-- Work request --
Begin your copy at the line with "Nous travaillons depuis" in the records below and end it at the line with "Noize Rubi Ribbed", restating each line word for word; omit the pictures.

-- Record set --
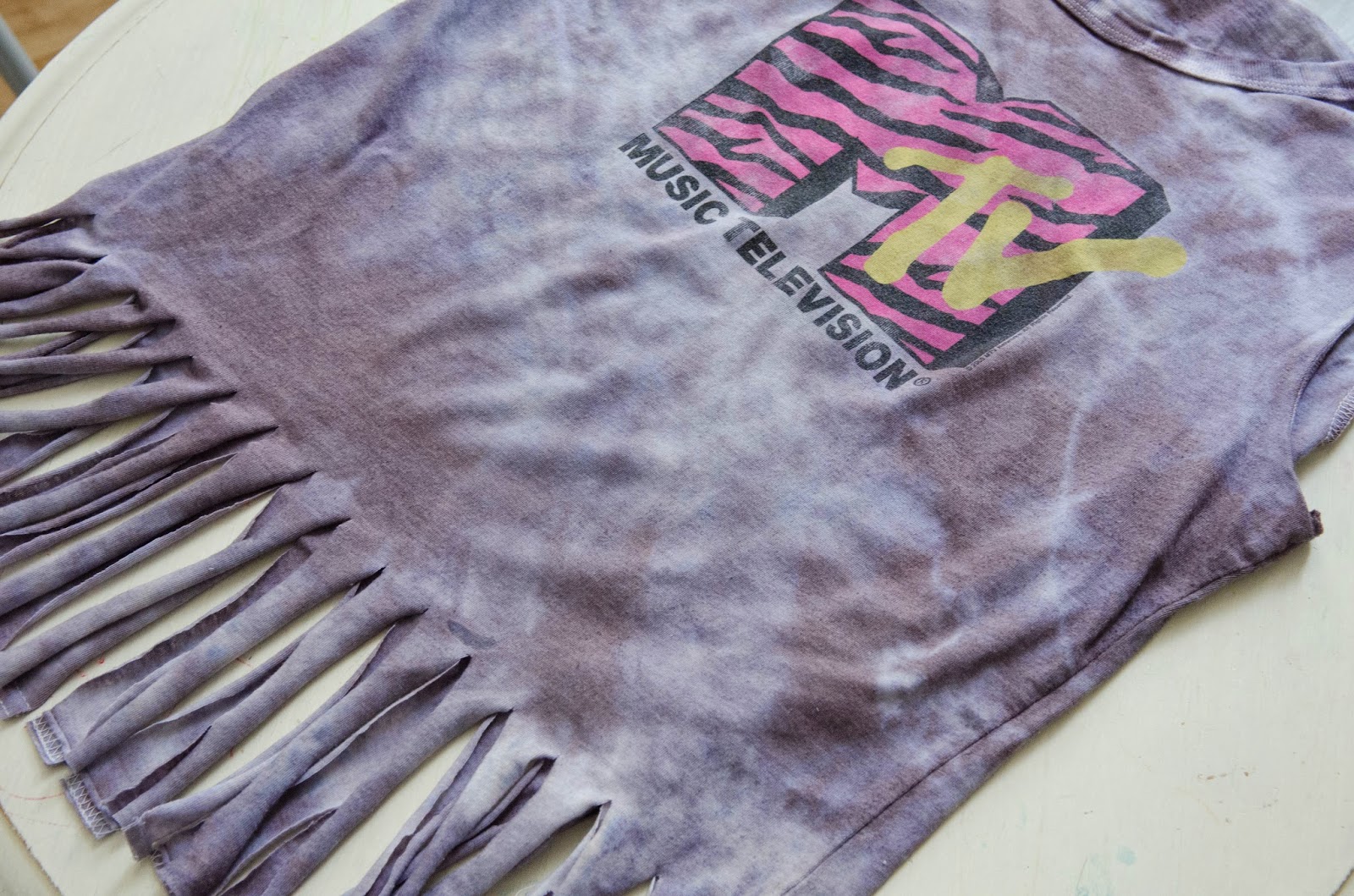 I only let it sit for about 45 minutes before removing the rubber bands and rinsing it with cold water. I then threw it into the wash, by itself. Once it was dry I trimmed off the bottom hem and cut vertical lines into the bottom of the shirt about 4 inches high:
==
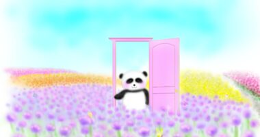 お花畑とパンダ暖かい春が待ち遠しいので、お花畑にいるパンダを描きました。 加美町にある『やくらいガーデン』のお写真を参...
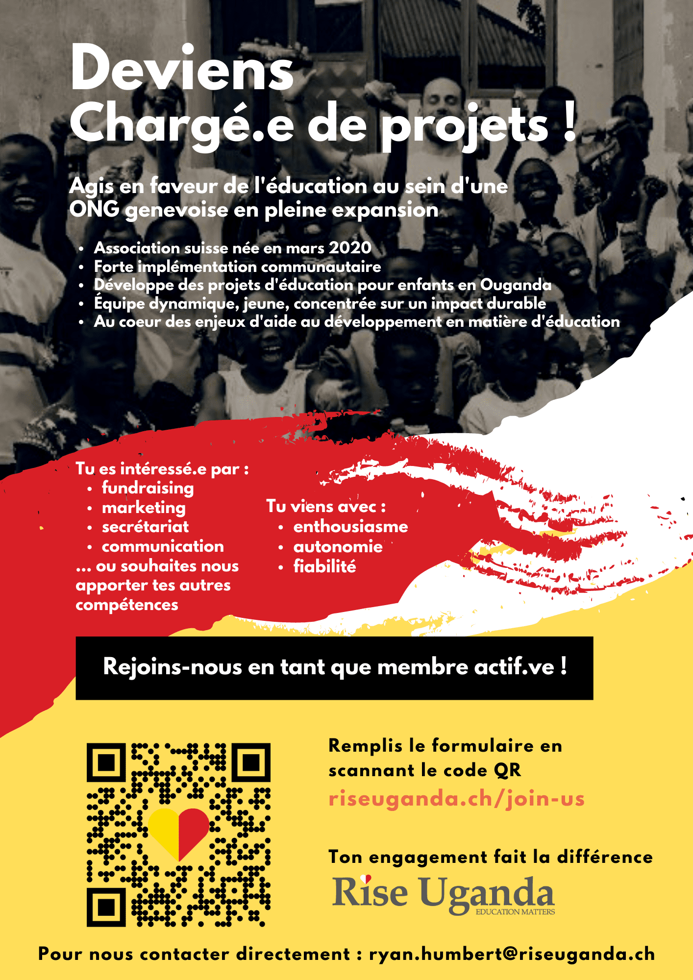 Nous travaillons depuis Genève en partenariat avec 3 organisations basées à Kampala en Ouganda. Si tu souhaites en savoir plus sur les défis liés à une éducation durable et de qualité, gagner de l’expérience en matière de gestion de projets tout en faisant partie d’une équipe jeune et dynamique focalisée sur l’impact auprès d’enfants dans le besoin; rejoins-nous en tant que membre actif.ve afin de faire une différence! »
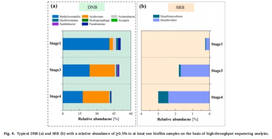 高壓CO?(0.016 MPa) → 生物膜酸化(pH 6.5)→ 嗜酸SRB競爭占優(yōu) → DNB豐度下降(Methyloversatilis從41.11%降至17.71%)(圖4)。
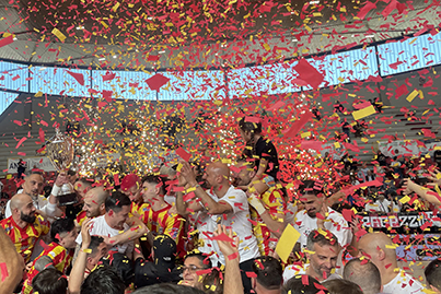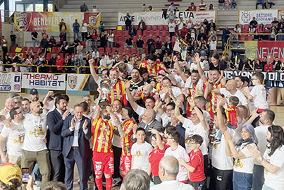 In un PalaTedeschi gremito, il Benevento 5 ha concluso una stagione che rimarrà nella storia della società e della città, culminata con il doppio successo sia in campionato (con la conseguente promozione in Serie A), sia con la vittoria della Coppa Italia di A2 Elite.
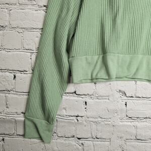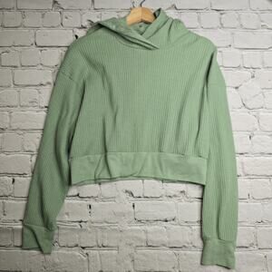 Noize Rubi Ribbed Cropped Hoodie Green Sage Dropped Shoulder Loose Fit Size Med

-- Exercise result --
 Nous travaillons depuis Genève en partenariat avec 3 organisations basées à Kampala en Ouganda. Si tu souhaites en savoir plus sur les défis liés à une éducation durable et de qualité, gagner de l’expérience en matière de gestion de projets tout en faisant partie d’une équipe jeune et dynamique focalisée sur l’impact auprès d’enfants dans le besoin; rejoins-nous en tant que membre actif.ve afin de faire une différence! »
 高壓CO?(0.016 MPa) → 生物膜酸化(pH 6.5)→ 嗜酸SRB競爭占優(yōu) → DNB豐度下降(Methyloversatilis從41.11%降至17.71%)(圖4)。
 In un PalaTedeschi gremito, il Benevento 5 ha concluso una stagione che rimarrà nella storia della società e della città, culminata con il doppio successo sia in campionato (con la conseguente promozione in Serie A), sia con la vittoria della Coppa Italia di A2 Elite.
 Noize Rubi Ribbed Cropped Hoodie Green Sage Dropped Shoulder Loose Fit Size Med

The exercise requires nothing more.